RECORDS SHOWN:
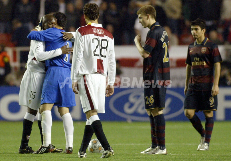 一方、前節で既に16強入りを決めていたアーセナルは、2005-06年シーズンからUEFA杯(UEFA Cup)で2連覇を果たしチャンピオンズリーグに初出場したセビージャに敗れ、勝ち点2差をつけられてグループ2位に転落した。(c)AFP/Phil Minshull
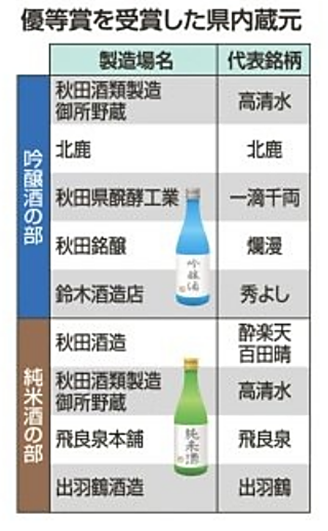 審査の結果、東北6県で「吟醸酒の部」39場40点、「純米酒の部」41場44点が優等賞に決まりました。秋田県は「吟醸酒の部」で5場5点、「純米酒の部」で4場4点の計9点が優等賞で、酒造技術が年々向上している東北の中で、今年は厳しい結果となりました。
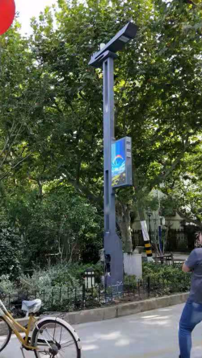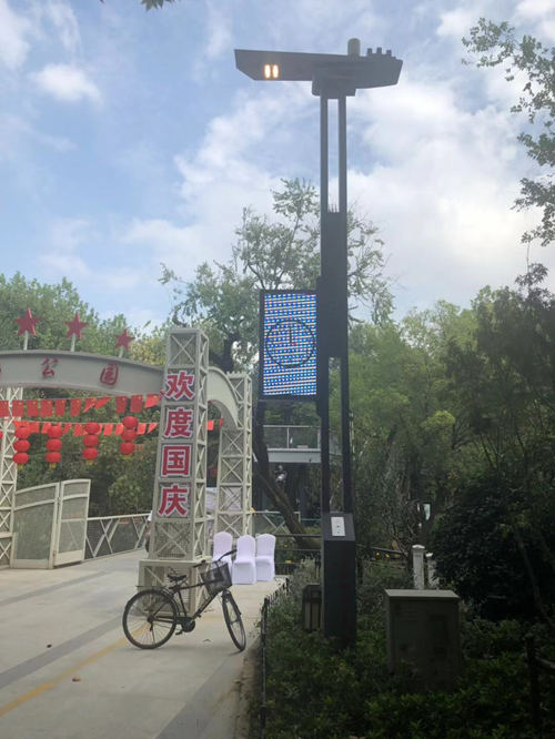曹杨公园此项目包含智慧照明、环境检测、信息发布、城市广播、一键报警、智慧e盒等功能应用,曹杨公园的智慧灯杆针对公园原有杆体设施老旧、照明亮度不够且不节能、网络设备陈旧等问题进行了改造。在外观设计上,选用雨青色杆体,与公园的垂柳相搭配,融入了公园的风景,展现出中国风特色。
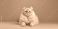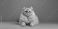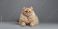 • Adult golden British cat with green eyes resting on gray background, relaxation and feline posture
---
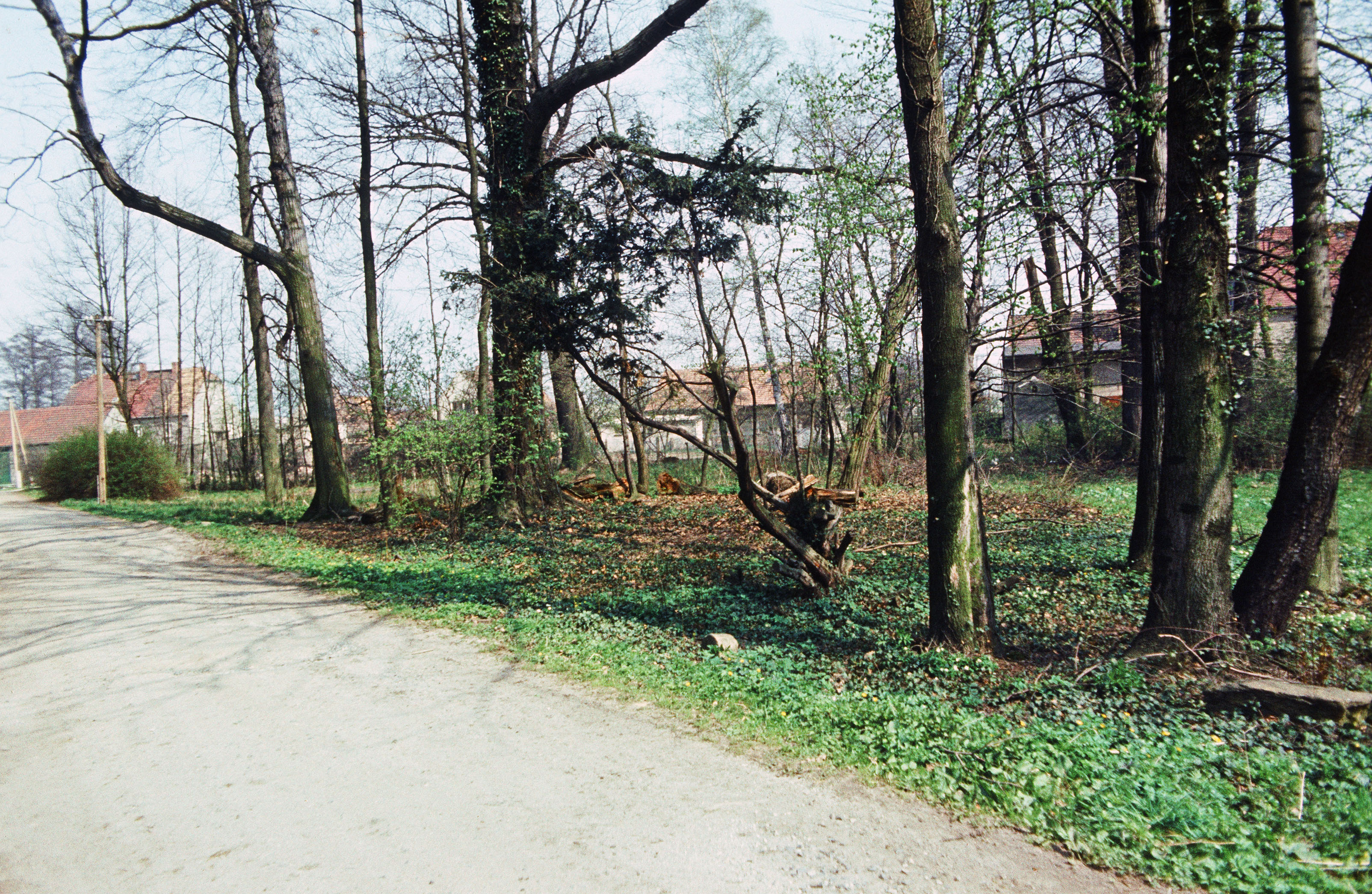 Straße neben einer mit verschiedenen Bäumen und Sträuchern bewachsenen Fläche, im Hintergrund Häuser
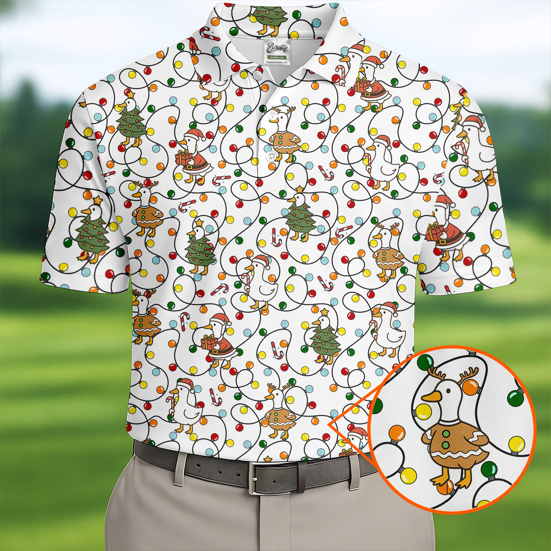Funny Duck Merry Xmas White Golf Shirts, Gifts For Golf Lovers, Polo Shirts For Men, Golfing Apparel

PROBLEM REQUIREMENTS: In the material above, which lines fall between the one holding "曹杨公园此项目包含智慧照明、" and the one holding "and feline posture", inclusive? Print exactly those, with the pictures left out.

REPLY TO THE TASK:
曹杨公园此项目包含智慧照明、环境检测、信息发布、城市广播、一键报警、智慧e盒等功能应用,曹杨公园的智慧灯杆针对公园原有杆体设施老旧、照明亮度不够且不节能、网络设备陈旧等问题进行了改造。在外观设计上,选用雨青色杆体,与公园的垂柳相搭配,融入了公园的风景,展现出中国风特色。
 • Adult golden British cat with green eyes resting on gray background, relaxation and feline posture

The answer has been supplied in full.